Khan Mueen Ullah, Khan Fauzia Anis
Department of Anaesthesia, King Saud University, Riyadh, Saudi Arabia.
J Coll Physicians Surg Pak. 2011 Apr;21(4):234-6.
Quality and safety in anesthesia is usually monitored by analysis of perioperative mortality-morbidity and incidents. Clinical quality indicator, death within 48 hours of anaesthesia exposure is considered to be a flag that can alert to possible problems in individual patient care. The measurement of perioperative mortality as a quality indicator is a continuous peer reviewed quality improvement activity. Medical records and morbidity and mortality files were reviewed to see the trends and finding the benchmark of mortality in ASA-1 and 2 patient who died between 1992-2006 within 48 hours of anaesthesia exposure. Mortality in class 1 was nil. Anaesthetic mortality in ASA-1 and 2 patients was 0.35 per 10,000 and 0.74 per 10,000 of ASA-2 patient's volume. Anaesthesia-related mortality was 0.17 per 10,000 and 0.37 per 10,000 of ASA-2 patient's volume which is almost double of the overall calculated incidence. We suggest continuing monitoring of anaesthesia related mortality as a continuous quality indicator in developing countries. The reporting and analyzing of data according to the ASA status volume should be taken as a denominator. The available benchmark will help in evaluating the confounding factors and perioperative care of a particular group of patients.

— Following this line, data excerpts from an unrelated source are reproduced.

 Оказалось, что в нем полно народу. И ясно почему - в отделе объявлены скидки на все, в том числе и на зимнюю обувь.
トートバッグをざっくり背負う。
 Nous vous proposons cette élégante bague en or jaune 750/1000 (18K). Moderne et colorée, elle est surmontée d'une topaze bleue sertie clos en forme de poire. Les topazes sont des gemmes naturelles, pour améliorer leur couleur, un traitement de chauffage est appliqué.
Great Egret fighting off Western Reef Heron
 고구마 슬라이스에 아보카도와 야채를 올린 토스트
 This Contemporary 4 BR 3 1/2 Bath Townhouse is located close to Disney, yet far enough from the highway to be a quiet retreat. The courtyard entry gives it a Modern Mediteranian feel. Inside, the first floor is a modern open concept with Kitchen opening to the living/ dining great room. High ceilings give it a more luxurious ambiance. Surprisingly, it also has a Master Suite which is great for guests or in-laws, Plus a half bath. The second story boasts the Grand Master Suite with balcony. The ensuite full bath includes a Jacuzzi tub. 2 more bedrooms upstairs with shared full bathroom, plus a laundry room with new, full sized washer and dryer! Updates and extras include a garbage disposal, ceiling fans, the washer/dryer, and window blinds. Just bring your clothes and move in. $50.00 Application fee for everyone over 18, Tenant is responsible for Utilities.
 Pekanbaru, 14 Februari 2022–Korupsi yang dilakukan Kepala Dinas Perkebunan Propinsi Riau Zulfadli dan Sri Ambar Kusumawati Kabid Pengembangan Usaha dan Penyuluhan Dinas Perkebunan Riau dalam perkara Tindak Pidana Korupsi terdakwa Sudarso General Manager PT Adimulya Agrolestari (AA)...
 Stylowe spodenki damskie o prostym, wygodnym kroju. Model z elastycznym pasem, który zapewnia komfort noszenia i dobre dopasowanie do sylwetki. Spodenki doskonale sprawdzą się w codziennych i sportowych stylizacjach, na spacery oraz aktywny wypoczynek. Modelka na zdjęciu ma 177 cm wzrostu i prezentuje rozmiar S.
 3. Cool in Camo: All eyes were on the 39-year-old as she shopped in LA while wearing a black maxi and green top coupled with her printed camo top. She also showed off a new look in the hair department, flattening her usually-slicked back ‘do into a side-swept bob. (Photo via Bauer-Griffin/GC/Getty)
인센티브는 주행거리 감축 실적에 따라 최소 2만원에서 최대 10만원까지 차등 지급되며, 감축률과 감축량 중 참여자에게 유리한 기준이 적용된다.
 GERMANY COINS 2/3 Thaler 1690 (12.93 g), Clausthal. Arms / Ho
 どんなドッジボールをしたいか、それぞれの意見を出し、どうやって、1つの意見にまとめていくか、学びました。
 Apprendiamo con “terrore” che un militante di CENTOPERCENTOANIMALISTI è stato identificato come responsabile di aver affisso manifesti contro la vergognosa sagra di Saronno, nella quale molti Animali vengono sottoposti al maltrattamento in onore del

麻醉质量与安全通常通过围手术期死亡率、发病率及事件分析来监测。临床质量指标“麻醉暴露后48小时内死亡”被视为一个警示信号,可提醒注意个体患者护理中可能存在的问题。将围手术期死亡率作为质量指标进行测量是一项持续的、经过同行评审的质量改进活动。回顾病历以及发病率和死亡率文件,以查看1992年至2006年间在麻醉暴露后48小时内死亡的ASA-1和2级患者的死亡率趋势并确定其基准。1级患者死亡率为零。ASA-1和2级患者的麻醉死亡率分别为每10000例中有0.35例和每10000例ASA-2级患者中有0.74例。与麻醉相关的死亡率分别为每10000例中有0.17例和每10000例ASA-2级患者中有0.37例,几乎是总体计算发病率的两倍。我们建议在发展中国家继续将与麻醉相关的死亡率作为持续质量指标进行监测。应将根据ASA状态量报告和分析的数据作为分母。现有的基准将有助于评估特定患者群体的混杂因素和围手术期护理情况。